Would you copy out the following entries exactly, without any of the pictures?

=== GIVEN DATA ===

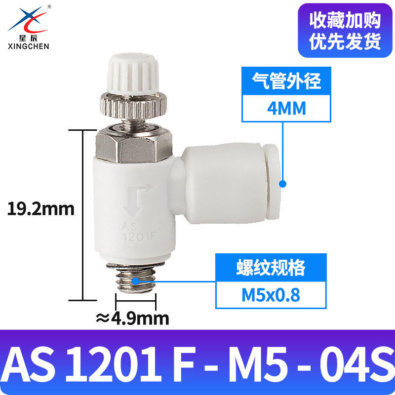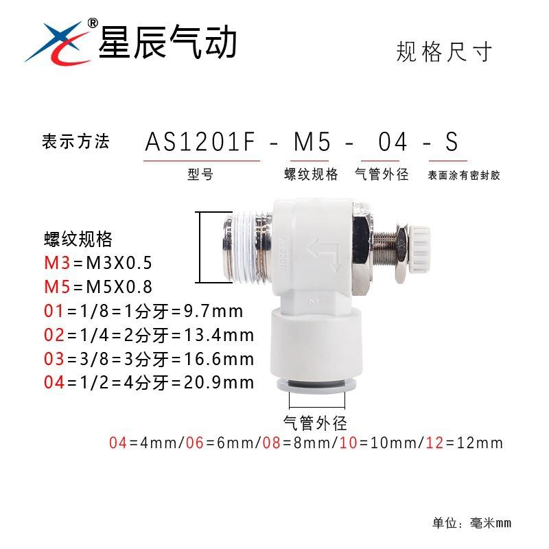 ซิงเฉิน นิวเมติกส์ จำหน่ายข้อต่อกระบอกสูบแบบปรับได้ AS1201F/2201/3201 วาล์วควบคุมความเร็ว วาล์วควบคุมการไหล และอุปกรณ์อื่นๆ
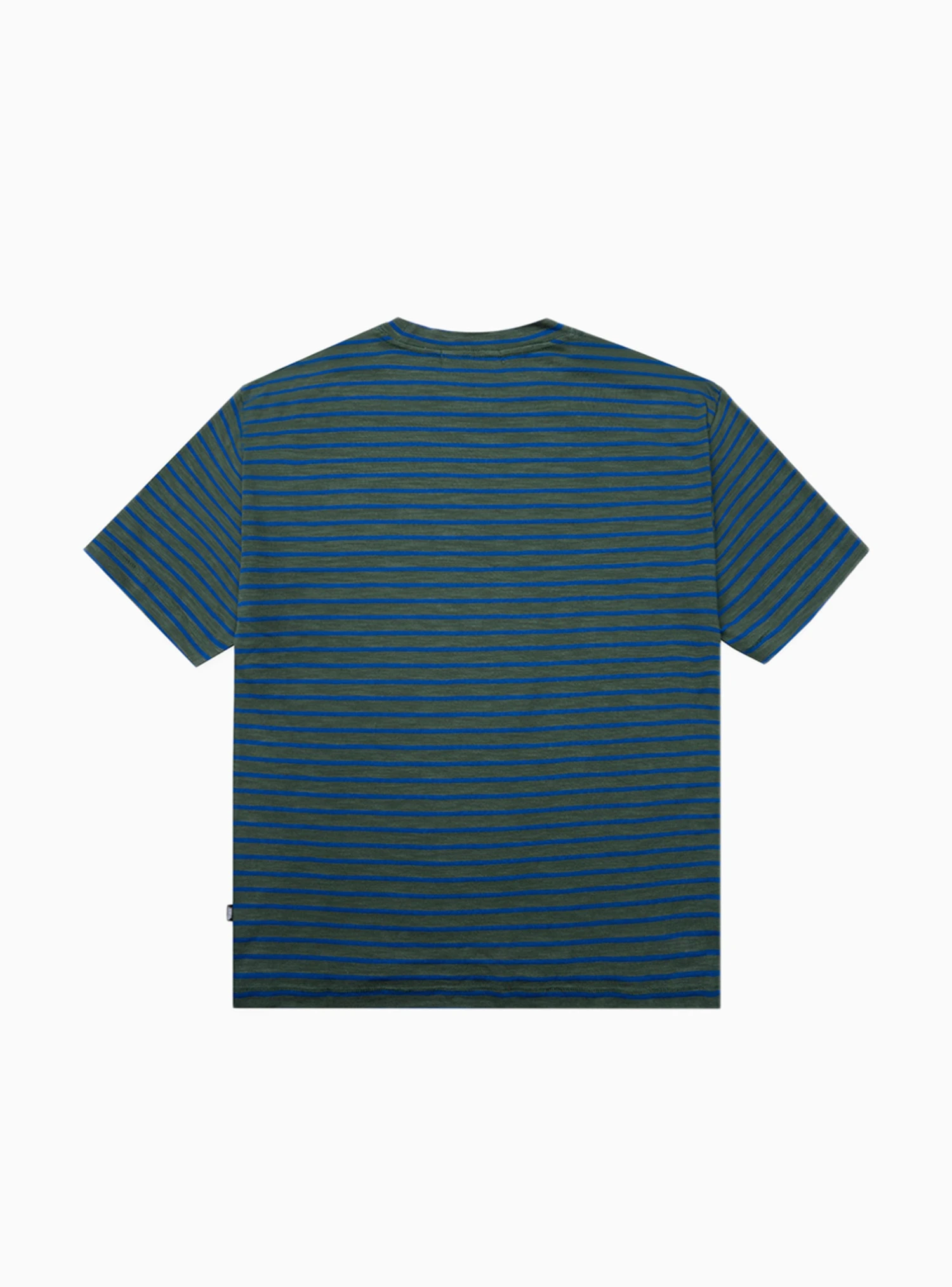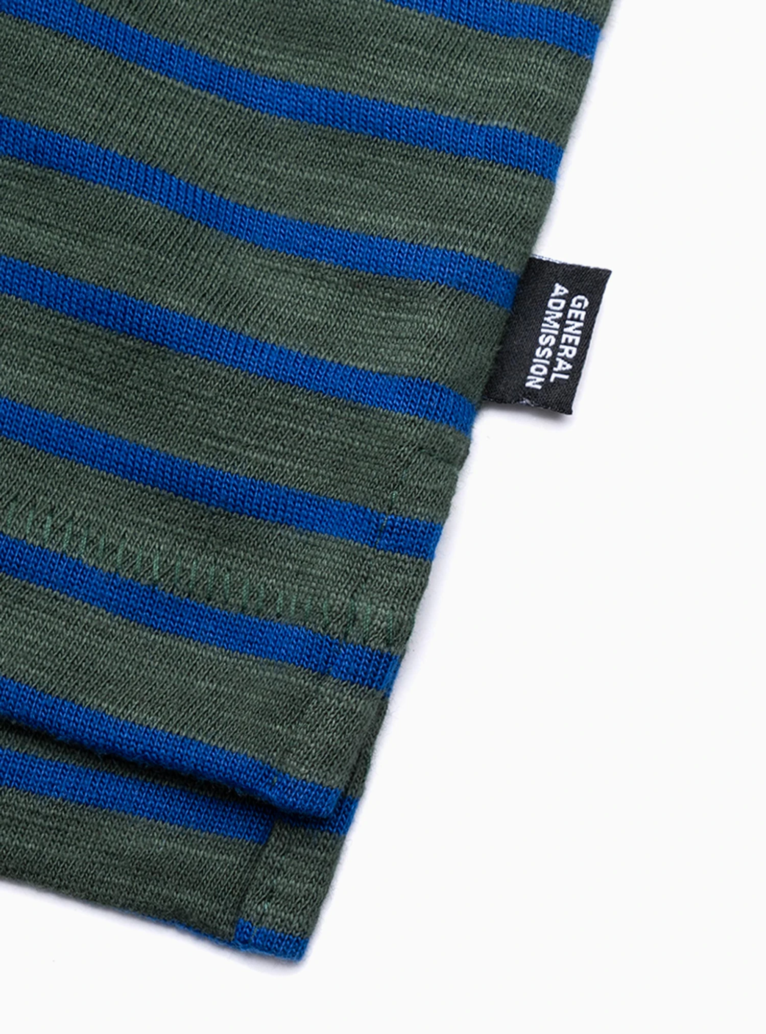 Made from cotton-blend slub jersey, which is then garment dyed and vintage washed, this green and blue striped T-shirt from General Admission is cut to an oversized silhouette with dropped shoulders and a crewneck.
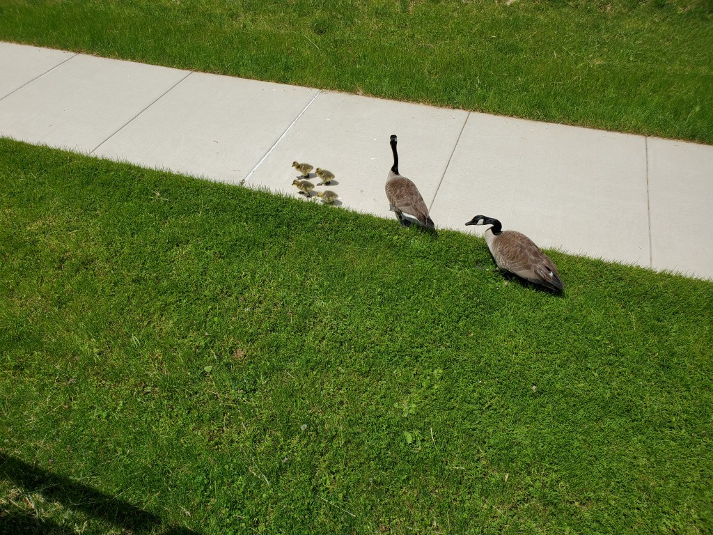A few weeks ago I posted on a family of geese that is living by a pond that sits next to a train station near me. The rate at which the young geese are growing is amazing. It’s almost difficult to tell which ones they are and which are the parents at this point.
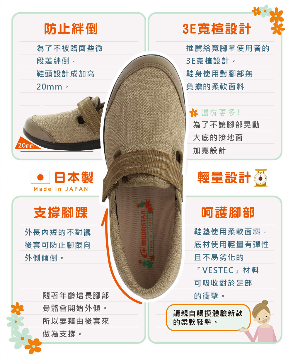 日本鞋大廠【MoonStar】出品的樂活休閒鞋,3E楦頭適合寬腳掌者、鞋身採用柔軟舒適面料、輕量化設計無負擔,鞋墊有彈性可吸收足部衝擊、後套設計可有效支撐,防止腳跟向外傾倒,是喜愛趴趴走的熟年女性必備鞋款。
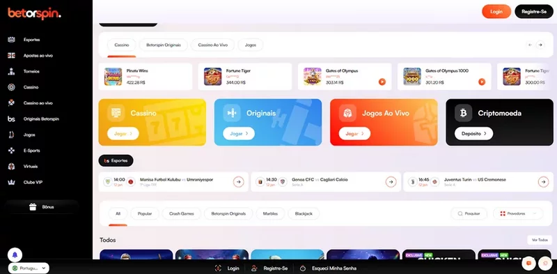 Além das apostas esportivas, o BetorSpin oferece uma seção de cassino online bastante interessante, recheada de opções para quem curte slots e jogos de mesa. Atualmente, o catálogo conta com mais de 5.000 jogos de cassino, abrangendo desde as clássicas máquinas caça-níqueis até modalidades modernas de jogos ao vivo. Apesar de não ser o maior portfólio do mercado, essa variedade é suficiente para manter a maioria dos jogadores entretida, com títulos de diversas temáticas e estilos. A plataforma fez parceria com provedores de software reconhecidos internacionalmente – você encontrará jogos de fornecedores como: Pragmatic Play, PG Soft, PopOK Gaming, KA Gaming, Hacksaw Gaming, entre outros estúdios emergentes. Graças a isso, os jogos oferecem qualidade gráfica, boa jogabilidade e resultados justos (RNG auditado pelos fornecedores).
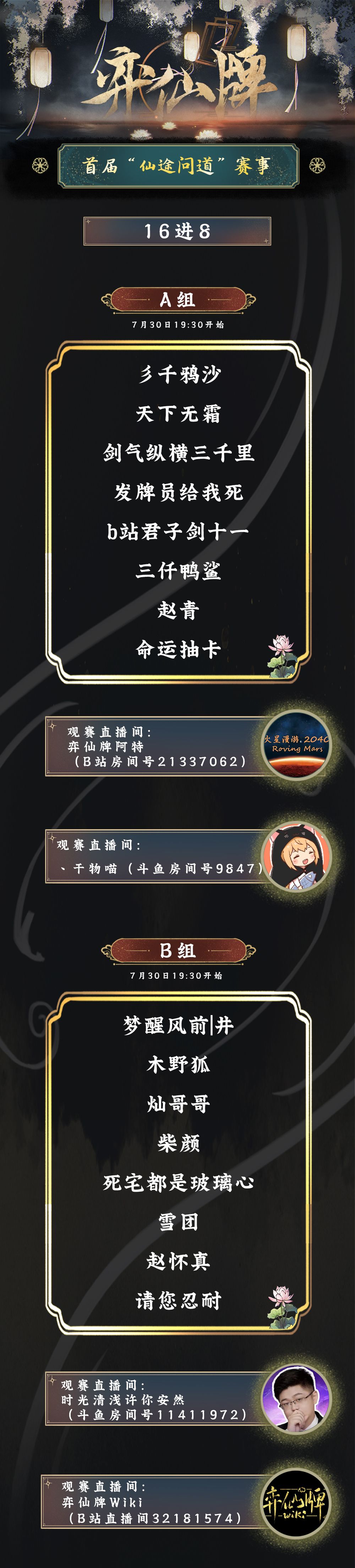 道友们好!“仙途问道”赛事16进8淘汰赛将会在今晚7:30打响!
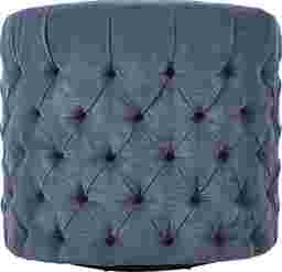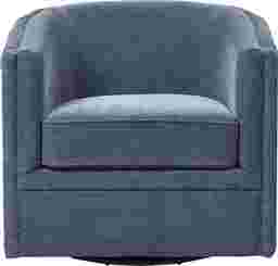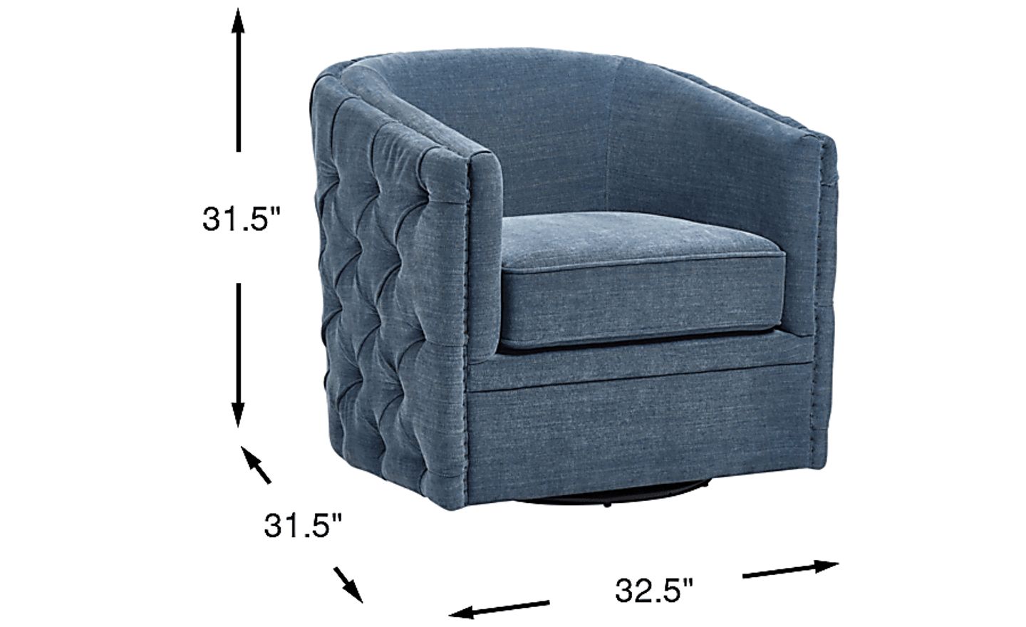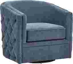 Gentle laughter drifts through warm shadows as the Adriana swivel chair provides good company with a vintage-inspired silhouette wrapped in navy blue fabric. Button tufting softens the curve of its barrel seat outline to invite a closer look. Subtle nailhead trim forms a neat line across the arms while a smooth swivel base is the perfect conversation starter. Upholstery: 100% polyester.
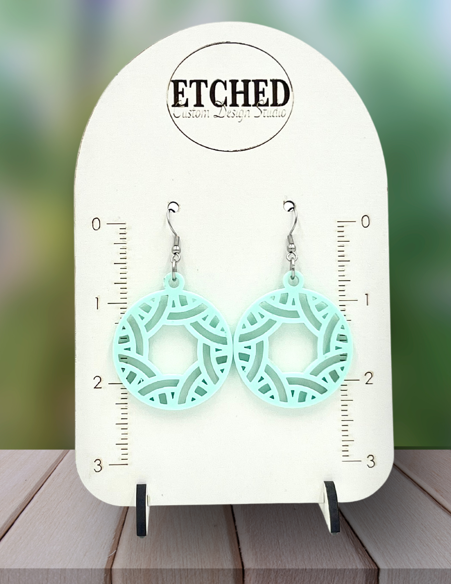 Mint acrylic dangle earrings. Hypoallergenic surgical stainless steel earring hooks.
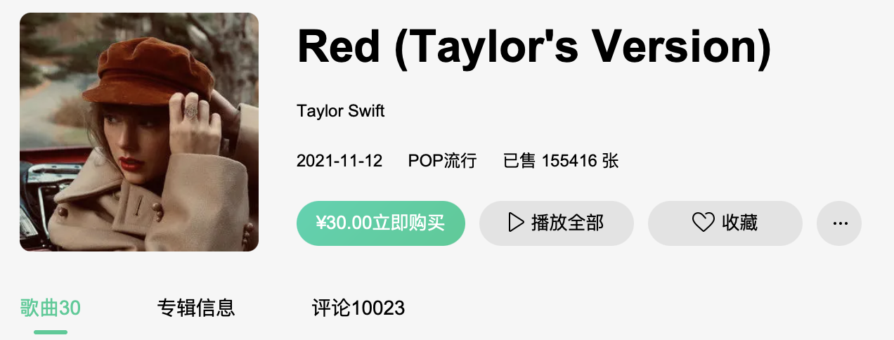 还有一点蛮不错的是Apple Music上可以免再付费听Taylor Swift的歌曲。2014年霉霉在Spotify为代表的免费流媒体服务上下架了她的音乐,国内的平台也不例外。现在,QQ音乐上每个霉霉的专辑都要额外付费购买以后才能播放,就算有绿钻订阅也不行。
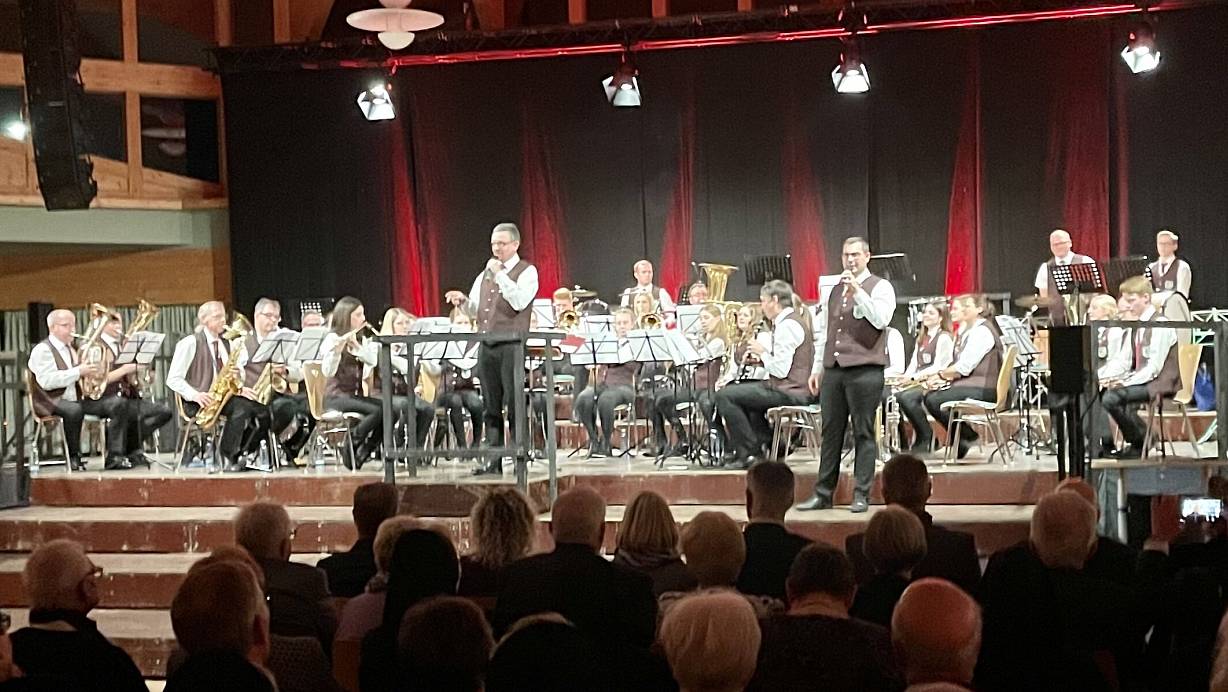 Beim Neujahrskonzert in der Sälzerhalle zeigen Musikvereine ihr großes Repertoire. Der Bürgermeister präsentiert Zahlen einer positiven Stadtentwicklung.
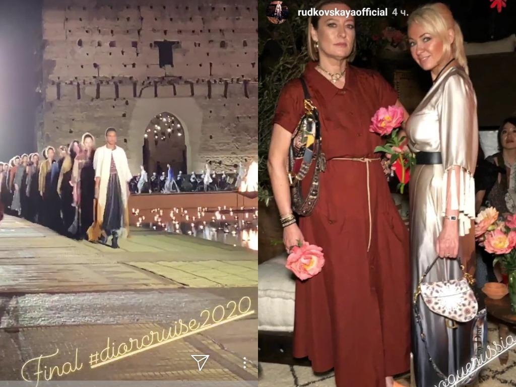 Перед тем как отправиться на показ Dior, Яна Рудковская посетила маленькую выставку. На ней были представлены круизные наряды 1960-х годов, которые Ив Сен-Лоран лично сшил для модного дома. После ужина в роскошном марокканском ресторане продюсер подготовилась к выходу в свет.
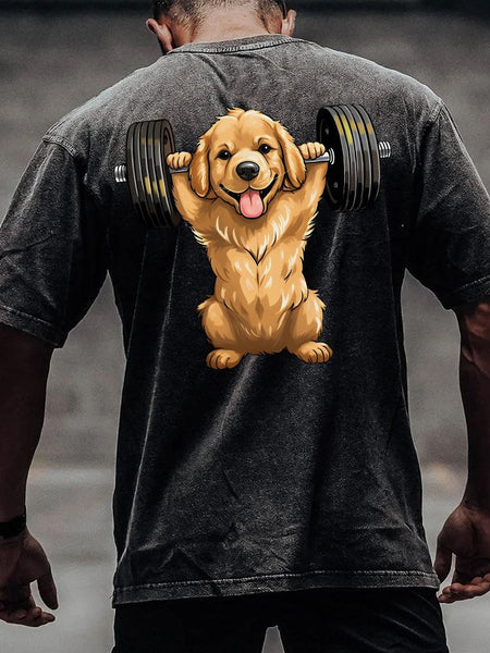 Weightlifting Dog back printed Washed Gym Shirt
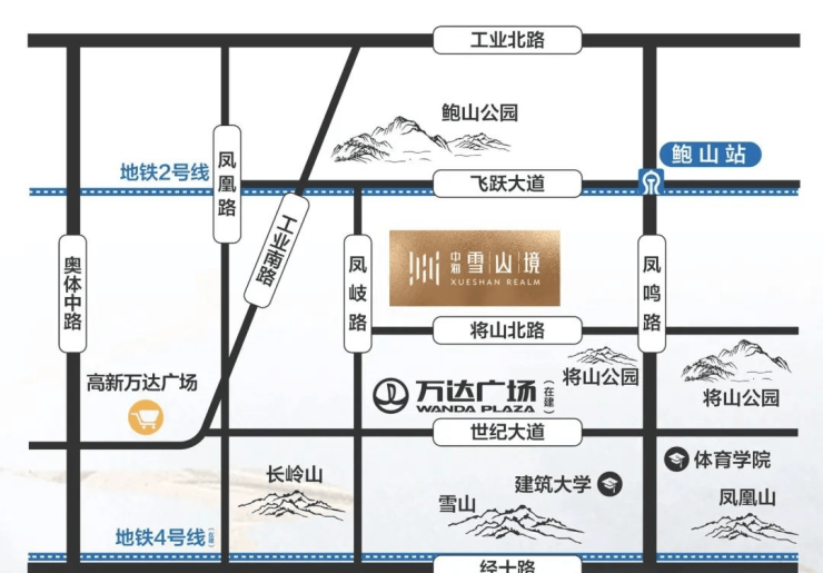 “三横三纵一轨道”路网成熟,三纵:凤鸣路、凤岐路、凤凰路,三横:经十路、飞跃大道、世纪大道;距离地铁R2号线鲍山站仅约800米;距离4大产业区(CBD、高新软件园、汉峪、奥体)约5-8公里,黄金通勤圈。
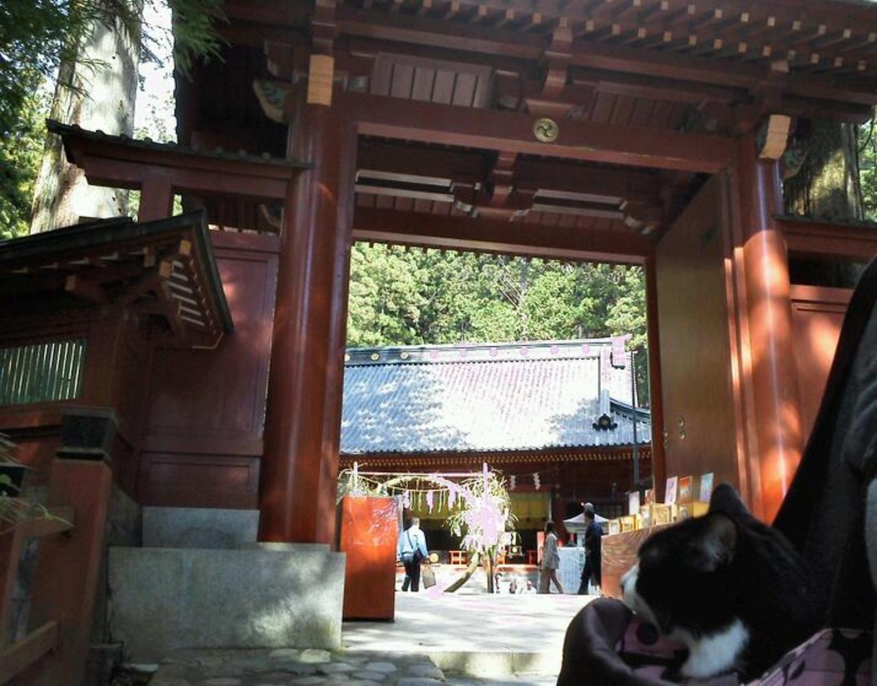 にゃんこ同伴でパワーを貰いに参拝!平日だったので、一般客も少なく修学旅行生もここまではあまりこないみたいでかなり空いており、猫ものびのびと見学できたようです。ここは霊泉や3つの御神木高天原などパワーを貰える場所や運試しの輪投げとか見所が多いです。また、神社の中に朋友神社、日枝神社と小さな神社もあり色んな神様がいて面白いです。霊泉の側にはお茶屋もあって沢山歩いた後の休憩にもいいです。

===

(SOLUTION FOR THIS EXERCISE)
 ซิงเฉิน นิวเมติกส์ จำหน่ายข้อต่อกระบอกสูบแบบปรับได้ AS1201F/2201/3201 วาล์วควบคุมความเร็ว วาล์วควบคุมการไหล และอุปกรณ์อื่นๆ
 Made from cotton-blend slub jersey, which is then garment dyed and vintage washed, this green and blue striped T-shirt from General Admission is cut to an oversized silhouette with dropped shoulders and a crewneck.
A few weeks ago I posted on a family of geese that is living by a pond that sits next to a train station near me. The rate at which the young geese are growing is amazing. It’s almost difficult to tell which ones they are and which are the parents at this point.
 日本鞋大廠【MoonStar】出品的樂活休閒鞋,3E楦頭適合寬腳掌者、鞋身採用柔軟舒適面料、輕量化設計無負擔,鞋墊有彈性可吸收足部衝擊、後套設計可有效支撐,防止腳跟向外傾倒,是喜愛趴趴走的熟年女性必備鞋款。
 Além das apostas esportivas, o BetorSpin oferece uma seção de cassino online bastante interessante, recheada de opções para quem curte slots e jogos de mesa. Atualmente, o catálogo conta com mais de 5.000 jogos de cassino, abrangendo desde as clássicas máquinas caça-níqueis até modalidades modernas de jogos ao vivo. Apesar de não ser o maior portfólio do mercado, essa variedade é suficiente para manter a maioria dos jogadores entretida, com títulos de diversas temáticas e estilos. A plataforma fez parceria com provedores de software reconhecidos internacionalmente – você encontrará jogos de fornecedores como: Pragmatic Play, PG Soft, PopOK Gaming, KA Gaming, Hacksaw Gaming, entre outros estúdios emergentes. Graças a isso, os jogos oferecem qualidade gráfica, boa jogabilidade e resultados justos (RNG auditado pelos fornecedores).
 道友们好!“仙途问道”赛事16进8淘汰赛将会在今晚7:30打响!
 Gentle laughter drifts through warm shadows as the Adriana swivel chair provides good company with a vintage-inspired silhouette wrapped in navy blue fabric. Button tufting softens the curve of its barrel seat outline to invite a closer look. Subtle nailhead trim forms a neat line across the arms while a smooth swivel base is the perfect conversation starter. Upholstery: 100% polyester.
 Mint acrylic dangle earrings. Hypoallergenic surgical stainless steel earring hooks.
 还有一点蛮不错的是Apple Music上可以免再付费听Taylor Swift的歌曲。2014年霉霉在Spotify为代表的免费流媒体服务上下架了她的音乐,国内的平台也不例外。现在,QQ音乐上每个霉霉的专辑都要额外付费购买以后才能播放,就算有绿钻订阅也不行。
 Beim Neujahrskonzert in der Sälzerhalle zeigen Musikvereine ihr großes Repertoire. Der Bürgermeister präsentiert Zahlen einer positiven Stadtentwicklung.
 Перед тем как отправиться на показ Dior, Яна Рудковская посетила маленькую выставку. На ней были представлены круизные наряды 1960-х годов, которые Ив Сен-Лоран лично сшил для модного дома. После ужина в роскошном марокканском ресторане продюсер подготовилась к выходу в свет.
 Weightlifting Dog back printed Washed Gym Shirt
 “三横三纵一轨道”路网成熟,三纵:凤鸣路、凤岐路、凤凰路,三横:经十路、飞跃大道、世纪大道;距离地铁R2号线鲍山站仅约800米;距离4大产业区(CBD、高新软件园、汉峪、奥体)约5-8公里,黄金通勤圈。
 にゃんこ同伴でパワーを貰いに参拝!平日だったので、一般客も少なく修学旅行生もここまではあまりこないみたいでかなり空いており、猫ものびのびと見学できたようです。ここは霊泉や3つの御神木高天原などパワーを貰える場所や運試しの輪投げとか見所が多いです。また、神社の中に朋友神社、日枝神社と小さな神社もあり色んな神様がいて面白いです。霊泉の側にはお茶屋もあって沢山歩いた後の休憩にもいいです。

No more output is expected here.